Cross-lagged Panels
Message/Author
 Natasha Mendoza posted on Wednesday, November 14, 2012 - 8:44 am
Hi all,

I am attempting a cross-lagged panel path analysis.

I have 4 panels (i.e., data collection waves). Each panel has 2 measured variables: 1 continuous and 1 count. I'm trying to predict one with the other over time.

I understand that it is convention to correlate the errors within each panel. When I treat both variables as continuous, I can correlate them. However, when I specify the count variable, I am unable to correlate the errors (and it really should be treated as a count because zero inflated).

Is there another way to correlate the errors or is it impossible because of the variable type?

Much Thanks!
 Linda K. Muthen posted on Thursday, November 15, 2012 - 9:10 am
You need to use the BY option to specify covariances when numerical integration is required because each covariance requires one additional dimension of integration. Following is how you would specify this:

f BY u@1 y;
f@0; [f@0];

 Nassim Tabri posted on Wednesday, March 30, 2016 - 9:05 am
Hi Dr. Muthen,

What would the Mplus syntax look like if one wanted to include within lag correlations between three or more categorical DVs in a cross-lagged model?

Would the following syntax capture the within lag correlations between three DVs (u, y, and z)?

f BY u@1 y z;
f@0; [f@0];

f1 By y@1 z;
f1@0; [f1@0];

OR, would each within lag correlation require 1 latent variable like this:

f BY u@1 y;
f@0; [f@0];

f1 By u@1 z;
f1@0; [f1@0];

f2 By y@1 z;
f2@0; [f2@0];

 Bengt O. Muthen posted on Wednesday, March 30, 2016 - 6:38 pm
The second alternative is right. But don't fix the factor variance at zero - fix it at one. You also want to make these 3 factors uncorrelated (and uncorrelated with everything else if that needs adjustment - check TECH1).
 Nassim Tabri posted on Friday, April 01, 2016 - 6:48 am
Thank you Dr.

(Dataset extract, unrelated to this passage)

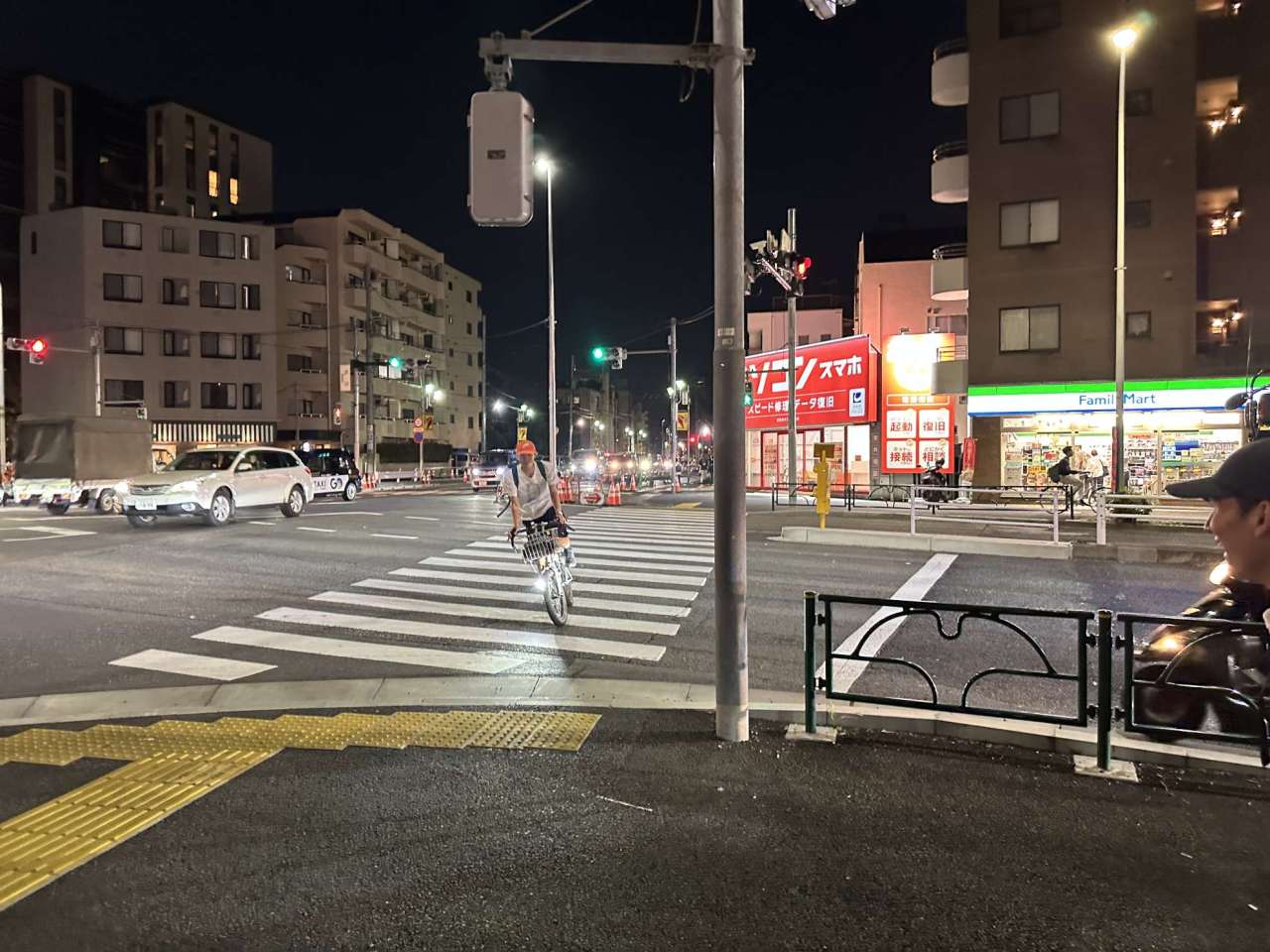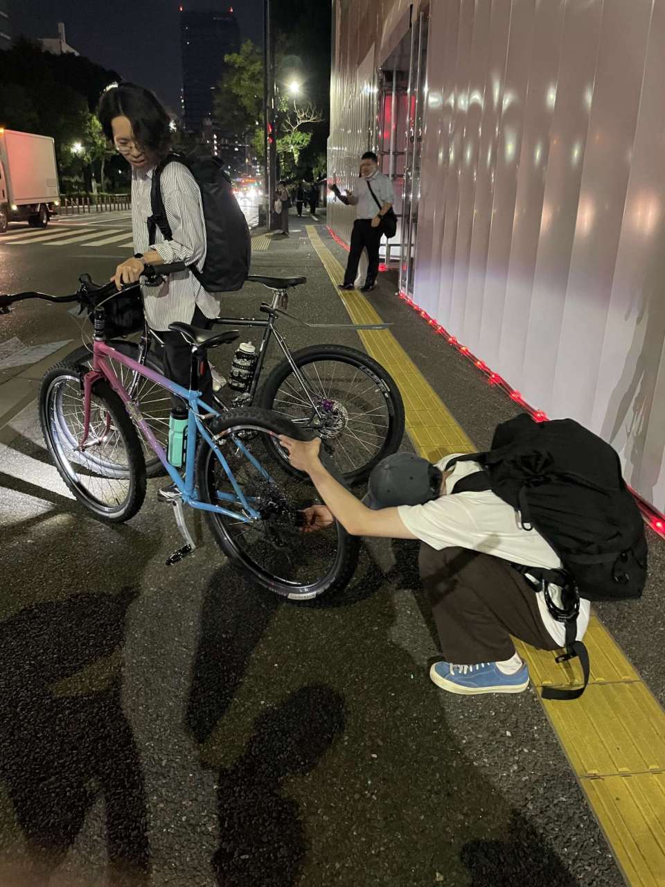20:15 東京タワーの真下でショーンが信号待ちの間に落車するアクシデント発生

Muthen!
 Simon Coulombe posted on Saturday, July 28, 2018 - 10:21 am
Hi,
I'm testing a simple cross-lagged model involving the inter-influence between one indicator variable and one latent construct (with three indicator variables) across two measurement times.

The model already includes the autoregressive link between the latent construct at the two measurement waves.
However, the modification indices suggest to add correlations (i.e., WITH links) between each of the three indicator variables of the latent construct at time 1 and at time 2 (i.e., indicator 1 at T1 WITH indicator 1 at T2; indicator 2 at T1 WITH indicator 2 at T2; indicator 3 at T1 WITH indicator 3 at T3)?

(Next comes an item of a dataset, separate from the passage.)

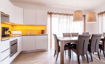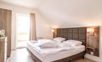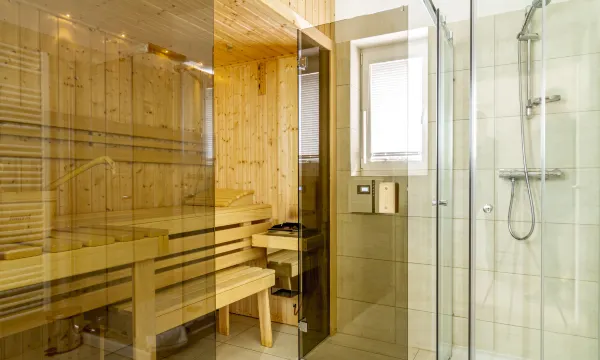 Child friendly, modern resort "Lakeside Village". 45 houses in the resort. 10 apartments in the residence. Outside the resort, in a quiet, sunny position, on the lake. For shared use: property. Private beach, beach volleyball, barbecue, fireplace, children's playground. In the complex: reception, bar, bistro, kiosk, bicycles available bicycle rental. Available: boat (extra). Bread roll service and breakfast on request. In Winter: please take snow chains. Parking at the house. E-charging station. Bus stop "Frymburk Vřesná, rozcestí" 3.5 km, bathing lake "Lipno". Riding stable 500 m, ice rink 11 km. Nearby attractions: Aquaworld, Marina Lipno, Bobová dráha, Lanový park, Bikepark (Lipno) 15 km, Český Krumlov (UNESCO) 35 km. Well-known ski regions can easily be reached: Frymburk 5 km, Kramolin 15 km, Sternstein 25 km, Hochficht, Sterngartl 40 km. Hiking paths: Stezka korunami stromů (Lipno) 15 km. Please note: baby equipment on request (extra). Fishing [permit required], private mooring. All houses/apartments are individually designed/furnished. "Lakeside Village 18 (+ sauna)", 5-room house 100 m2 on 2 levels. Comfortable and cosy furnishings: living room with 1 sofabed. Kitchenette (4 hot plates, oven, dishwasher, kettle, microwave, electric coffee machine) with dining table, satellite TV. Shower/WC, Sauna. Floor heating. Upper floor: 4 rooms, each room with 1 double bed. Shower/WC. Balcony, terrace. Terrace furniture. Partial view of the lake. Facilities: Internet (WiFi, free). Suitable for families. Maximum 1 pet/ dog allowed. Dog (extra) on request.

Should I avoid doing this since the latent construct at T1 and T2 is already linked (ON pathway: autoregressive link)?

I tried doing it and the fit of the model improved a lot.

Thank you

Simon
 Bengt O. Muthen posted on Saturday, July 28, 2018 - 5:18 pm
I think it is perfectly ok to add those 3 correlations. These measurement error correlations are different in nature from the auto-correlation of the constructs.